I gave a choked laugh. “For now, maybe. No guarantees about an hour from now.”

That night as I got ready for bed, I wondered what Jessica would think if she found out her Woman 2.0 had to take estrogen pills. I’d been procrastinating about starting my hormone therapy, but my dad had picked up the bottle from the pharmacy, and each night he sent me to bed with a kiss and a “Don’t forget to take your meds!”

I opened the childproof bottle and slid a tablet into my hand. It was tiny, round, and pink-colored, as if that would somehow make you feel more feminine when you took it. I wondered if testosterone tablets were blue. Who decided that pink = girl and blue = boy, anyway?

As much as I hated the idea of popping pills, I hated the idea of hot flashes more. If Dr. Cheng was right, the meds would give me more energy, too.

Before I could change my mind, I put the pill in my mouth, and swallowed.





CHAPTER 27


When I first met the therapist Dr. Cheng had recommended, I was struck by how put-together she was. I had expected someone with frizzled hair and frumpy clothes; Dr. LaForte reminded me more of Martha Stewart, her shirt so perfectly ironed it looked like it had come fresh off the rack, the smile on her face professional and photogenic, but not exactly warm.

“Hello,” she said, shaking my hand. “I’m Susan LaForte. So very nice to meet you.”

“Hi,” I said. Her office was on the sunny side of the street and looked out into a backyard garden. She had a small desk facing the window, three wooden chairs with armrests, and—I almost laughed out loud at the cliché—a couch with an embroidered throw pillow.

I sat on the couch and clutched the pillow against my chest.

Dr. LaForte pulled over a wooden chair and sat across from me. She was tall, and the sharp angles of her body made her seem stiff rather than sleek.

“So, what would you like me to call you?” she asked.

The smile drained off my face. I felt the muscles in my shoulders clench. A defensive posture. “What do you mean?” My name was Kristin Lattimer. Not Kristopher. Didn’t she understand that I was a girl?

“Oh, sometimes my clients are very picky about their nicknames.
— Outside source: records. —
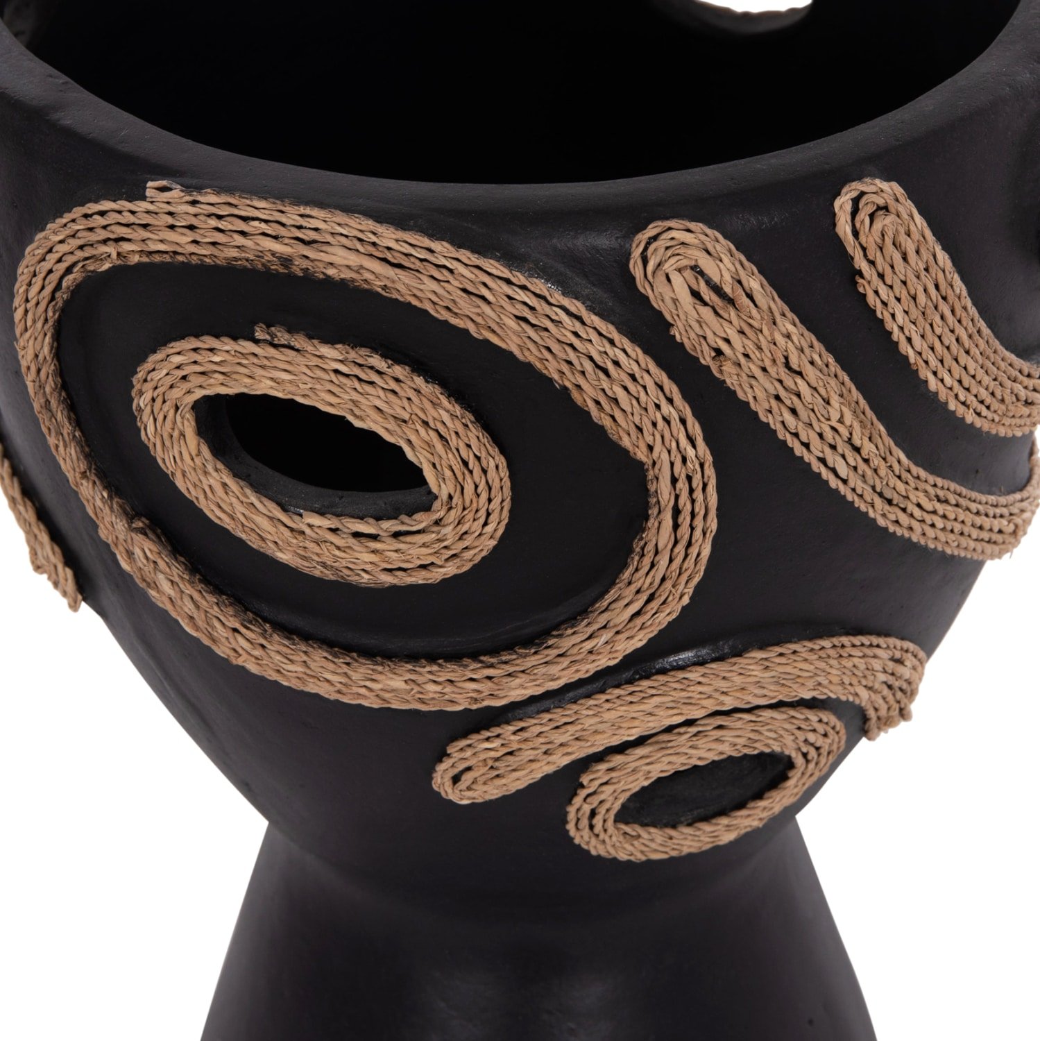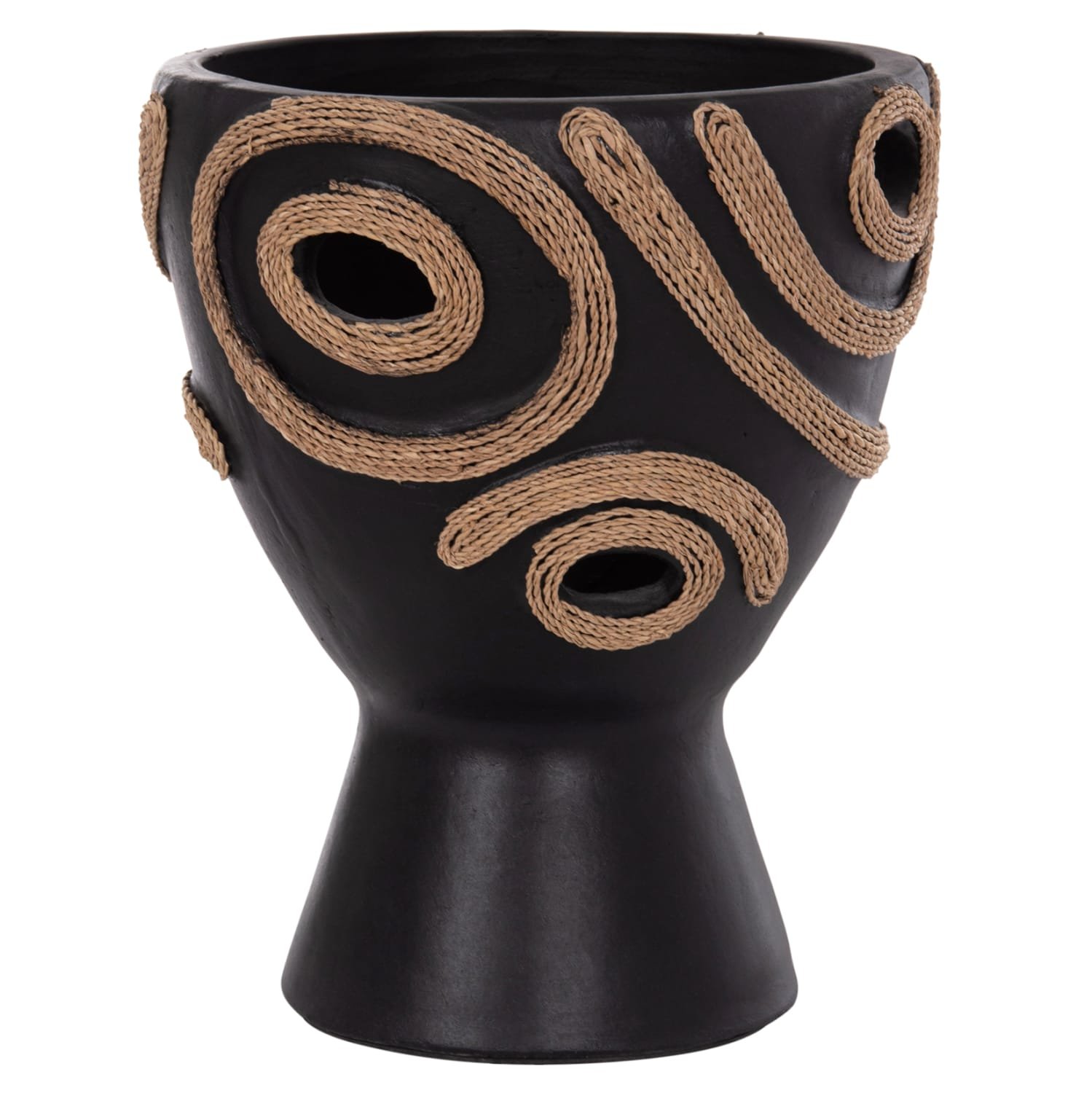 Το επιτραπέζιο χειροποίητο διακοσμητικό βάζο DEAN έχει το σχήμα μεγάλου κύπελλου. Είναι κατασκευασμένο εξολοκλήρου από τερακότα σε ΜΑΥΡΟ χρώμα ενώ διαθέτει διακοσμητικά σχέδια με σχοινί από ίνες φοίνικα κολλημένο στις πλευρές του βάζου. Ιδανικό για πληθώρα χώρων, τόσο για το σπίτι, όσο και για επαγγελματικούς χώρους.
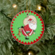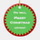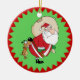 This is a cute and funny Holiday ornament that will be sure to bring a smile! One side shows an exasperated Santa Claus being bitten by a dog. The other side says "Oh well, Merry Christmas anyway!" The text is fully customisable, so you may make it say whatever you'd like. Both sides of the ornament are bordered by an attractive red zigzag pattern. *This design uses clip art from www.graphicsfactory.com.
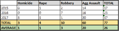 There were a total of 77 violent crimes for 2015 through 2017 with an average of 26 violent crimes. See the below table and chart for the breakdown of the years and violent crimes.

Do you prefer Kristin, or Krissy? Or should I just call you Miss Lattimer?”

I forced my shoulder muscles to relax. “Kristin is fine, Dr. LaForte. Krissy, too.”
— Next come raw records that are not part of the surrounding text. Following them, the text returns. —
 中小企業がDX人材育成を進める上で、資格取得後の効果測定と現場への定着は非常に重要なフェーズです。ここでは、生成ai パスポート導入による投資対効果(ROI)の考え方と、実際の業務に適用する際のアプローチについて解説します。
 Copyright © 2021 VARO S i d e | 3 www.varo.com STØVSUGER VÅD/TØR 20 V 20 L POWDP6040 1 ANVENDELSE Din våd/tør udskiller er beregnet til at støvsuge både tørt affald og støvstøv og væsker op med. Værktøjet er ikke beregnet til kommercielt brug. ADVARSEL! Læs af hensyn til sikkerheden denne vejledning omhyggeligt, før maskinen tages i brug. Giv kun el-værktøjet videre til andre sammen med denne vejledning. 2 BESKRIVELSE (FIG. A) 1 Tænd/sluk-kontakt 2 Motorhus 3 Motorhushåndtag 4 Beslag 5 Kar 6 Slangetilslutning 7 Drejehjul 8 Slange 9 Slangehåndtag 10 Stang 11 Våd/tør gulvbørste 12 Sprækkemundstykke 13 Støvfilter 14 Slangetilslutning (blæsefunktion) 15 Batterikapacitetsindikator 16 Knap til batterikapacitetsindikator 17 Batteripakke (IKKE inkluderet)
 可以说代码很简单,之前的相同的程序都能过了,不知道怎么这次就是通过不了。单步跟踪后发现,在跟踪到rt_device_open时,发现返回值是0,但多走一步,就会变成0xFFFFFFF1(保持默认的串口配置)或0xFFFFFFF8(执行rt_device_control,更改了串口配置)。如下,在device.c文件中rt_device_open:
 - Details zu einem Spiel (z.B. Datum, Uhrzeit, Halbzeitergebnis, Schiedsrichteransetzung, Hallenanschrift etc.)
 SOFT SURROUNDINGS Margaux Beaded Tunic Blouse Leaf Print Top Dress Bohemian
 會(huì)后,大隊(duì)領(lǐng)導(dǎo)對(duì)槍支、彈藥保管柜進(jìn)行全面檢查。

“All right, Kristin. Feel free to call me Susan if you so desire. Now that we’ve introduced ourselves, how may I help you today?”

God, I was so sick of open-ended questions. “Did Dr. Cheng not tell you why I was coming?”

“She gave me some of the medical details, yes, but I’m more interested in hearing from you what you hope to gain from therapy.”

I shrugged. What did people normally want from therapy? “To figure things out,” I said. “So I can be happy again.” Or, at least, feel less crappy.

“Both very valid goals. Can you tell me a bit about what’s making you unhappy?”

“I don’t even know where to start.”

“How about whatever comes to mind?”

For several moments I didn’t speak. I stared at the intricate pattern embroidered on the pillow I clutched. It looked hand-stitched—there were slightly crooked stitches here and there—and I wondered idly how many hours its maker had spent hunched over it with a needle and thread.

“Did you make this?” I asked Dr. LaForte, holding up the pillow.

She didn’t seem surprised by my question, but I guess therapists are trained that way. “Not me. A very dear friend gave it to me as a wedding gift. When she passed away a few years ago I brought it here to my office to remind me of her.”